Jace looms over me, pausing to watch. I’m sure he’s gauging how far off I am. How long before he can leave me and be sure, just like he did with Celine.
I open and shut my eyes slowly a few times for impact.
He turns his attention back to the nightstand, now opening up the other ziplock bag. “Grady won’t be talking to anyone, anymore.”
The meaning behind his words hits me like a punch to the chest. I gasp. “Oh my God.” Grady isn’t in the wind. He isn’t using his technical prowess to escape any nets.
He’s dead.
“You killed him, too?” My chest feels like it’s collapsing in on itself.
“What do you care? If he hadn’t videotaped and blackmailed me, your best friend would probably still be alive.”
I don’t know why I care, but I do. The last time I saw him, it was through a window, when I told him to go to hell. I wouldn’t give him a chance to explain. Maybe he would have admitted to everything, and I would have turned my attention back to Jace. Maybe this wouldn’t be happening right now.
“You set him up. Everything in his apartment.”
“Just her phone and the vase. The creepy ‘Celine’ box of pictures and panties was all him.”
“And the phone call?”
“People will agree to do just about anything when they think it may save their life. You wouldn’t believe how many of those manufactured fake dragon vases are out there. I started looking for one as soon as I realized you had Celine’s paper records, just in case I needed a decoy. And now, when this story hits the news, everyone is going to be checking their mother’s closet for a fifty-million-dollar vase.”
Fifty million dollars. “Is that what you think it’s worth?”
“That’s what the private collector who has the other one is willing to pay me, in cash, if we avoid auction houses. That Asian appraiser friend of Celine’s helped me locate him.

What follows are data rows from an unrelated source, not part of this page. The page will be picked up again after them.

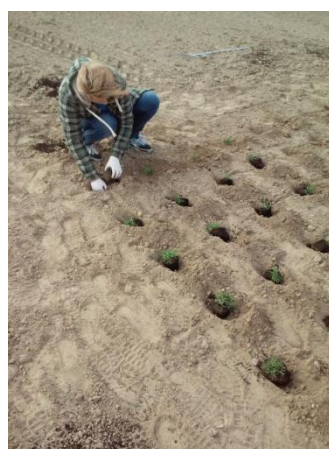
Fot. 10. Pojedynki roślin przygotowane do sadzenia
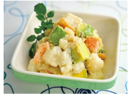
アボカドポテトサラダ

北海道で生育されたサラダに適したじゃがいも「さやか」を使用したポテトサラダです。さやかのおいしさを大切にするため、泥付きの状態から加工し、いもの風味豊かな味わいに仕上げました。ほくほく・なめらかな食感が特長です。
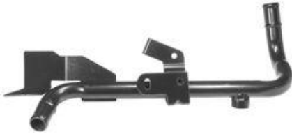
2014, CAÑO CIRCULACION AGUA RENAULT 19 RE DIESEL, DINAHCOM
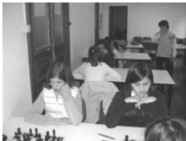
PARONÁMICA SALA DE JUEGO 2ª FASE

La nota predominante de esta segunda fase fue la gran igualdad entre todos los jugadores, lo que hizo que en la última ronda varios jugadores tuvieran posibilidades de clasificarse.

Of course now I’ll have to wait awhile, and use an anonymous front man for media purposes, and give that person a cut, too. I can’t have my name tied to this after you’ve had your PI all over me. It’ll raise too many questions.”
“Where’s the vase now?”
“In a hidden safe in my office.”
I missed that entirely. “So you knew it was Grady who blackmailed you all along?” Where the hell is Grady right now? Did Jace pump him full of drugs, too? My eyes graze over his knuckles, bruised and raw. He said that was from boxing. I’m guessing that was a lie.
We’ve fallen into a strange, calm conversation now, like two friends in the dark and quiet night, as the drugs course through me. He seems almost relieved. It probably has something to do with confessing all of his crimes to a soon-to-be dead woman. “Not until I read Celine’s diary. I was waiting for him to come back to me, to threaten me again. I wasn’t going to do anything otherwise. With Celine dying, if something happened to him, it might raise suspicions. So I kept my distance and hoped it would all dissipate. Then you came along and ruined everything.
“I used you as an excuse to meet with him. I told him that I had information for him.” He smiles as he reaches into the ziplock bag and pulls out a few hairs. Holding them up to the light, I see the dark brown color.
Grady’s hair color.
Jace releases them and they float onto the floor next to the bed.
He’s planting evidence.
“That’s not going to be enough,” I argue, though I have no clue.